Senior James Bibbens said he also started skating at a young age.

“[I started skating] probably about fourth grade,” Bibbens said. “I started seeing the older kids do it so I wanted to try it myself.”

Bibbens said he enjoys skating because of the feeling it gives him.

“It kind of makes you feel free,” Bibbens said. “When you’re just walking you’re not really flowing. When you’re on a board, you’re flowing.”

Weatherston said he also enjoys the feeling skateboarding gives him.

“It’s a really big adrenaline rush. I love it,” Weatherston said.

Senior Justin Gerhardt said he started skating at a young age because his friends had become involved in it.

“[I started skating] in fourth grade because all my friends were doing it and it seemed like the coolest thing to do,” Gerhardt said.

Gerhardt said he enjoys the sport for the sense of accomplishment it gives him.

“I like skating because it’s awesome landing that hard trick that you’ve been trying to learn,” Gerhardt said.

Gerhardt said it is very enjoyable, especially if one is talented in the activity.

“You get like a rush and it’s fun. If you’re good at it, it’s really fun,” Gerhardt said.

Weatherston said it was difficult at first.

“It’s always a struggle in the beginning, but you will get better as you go,” Weatherston said.

Bibbens also said it was not easy in the beginning.

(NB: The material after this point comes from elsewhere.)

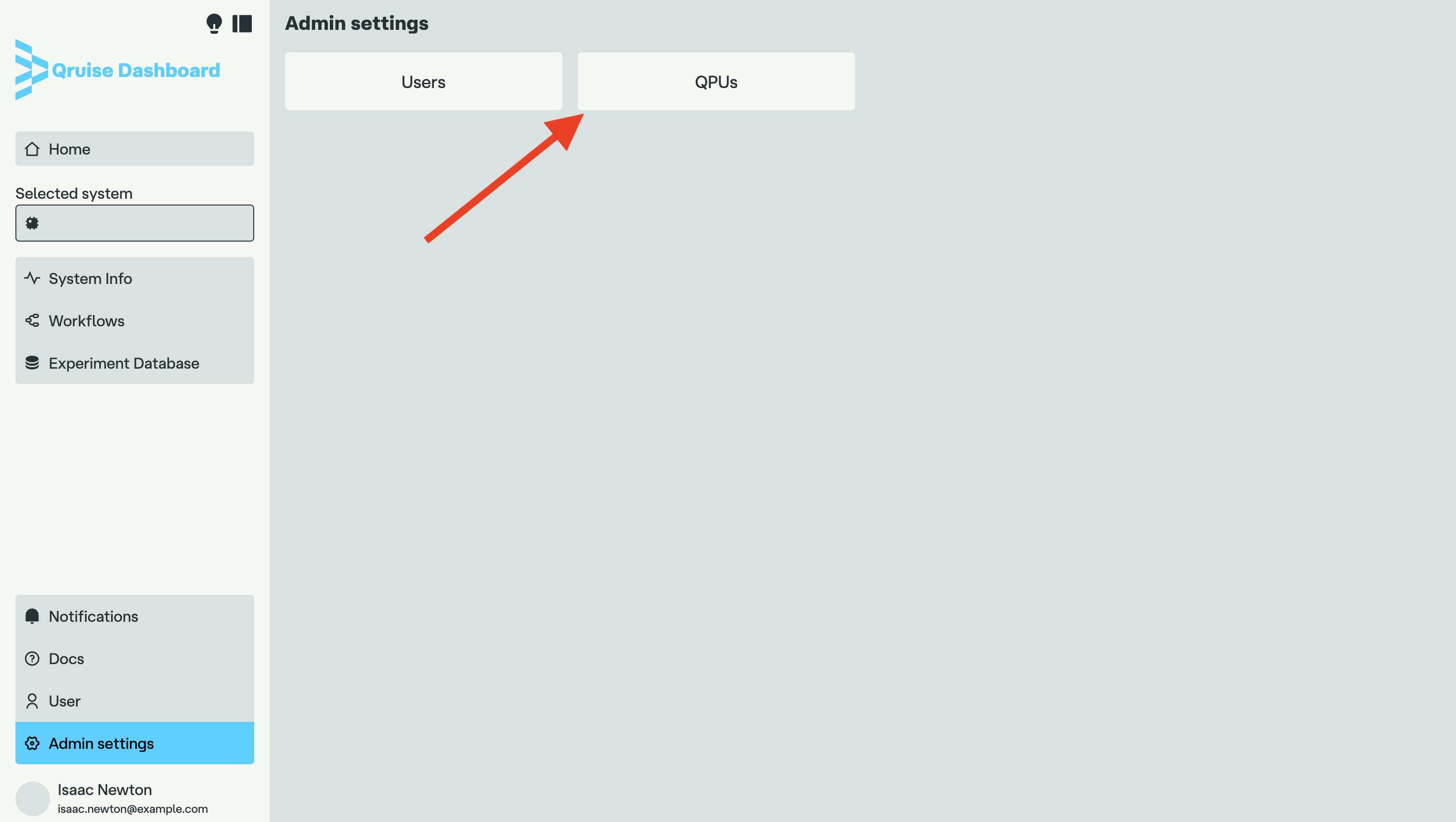 You will be navigated to the tenant administrator page. Now select the "QPUs" button to open the QPU management view:

“If you quit out you’re not going to get any better so you just keep trying,” Bibbens said.

Weatherston, Bibbens and Gerhardt said they like skating in the Mingus Park Skate Park and also riding “street” around town.

Gerhardt said some younger kids are also getting into the sport.

“A lot of freshmen have started to skate lately but they’re not very good yet,” Gerhardt said. “It just takes practice.”

The Mingus Park Skate Park was built in 2009 and is constantly filled with skaters of all ages and people riding similar devices like scooters, BMX bikes and occasionally roller blades.

According to orcities.org, the Coos Bay Ordinance on skating states nobody is allowed to ride a skateboard on any street, other than a recreational street, except while crossing at a designated crosswalk, ride in the downtown area or on any parking lot, ride in a reckless manner, and must yield right-of-way to any pedestrian or motorized vehicle.

Punishments for violations of these laws include impoundment of the board, minimum fines of $50 up to $500 for first conviction for a violation and enhanced penalties for subsequent convictions.

However, despite the laws and restrictions implemented on the activity, some will not let their passion for the sport be restricted.

Bibbens, Gerhardt, and Weatherston said they will ride until they die.

“I plan on skating until I have a gray beard,” Weatherston said.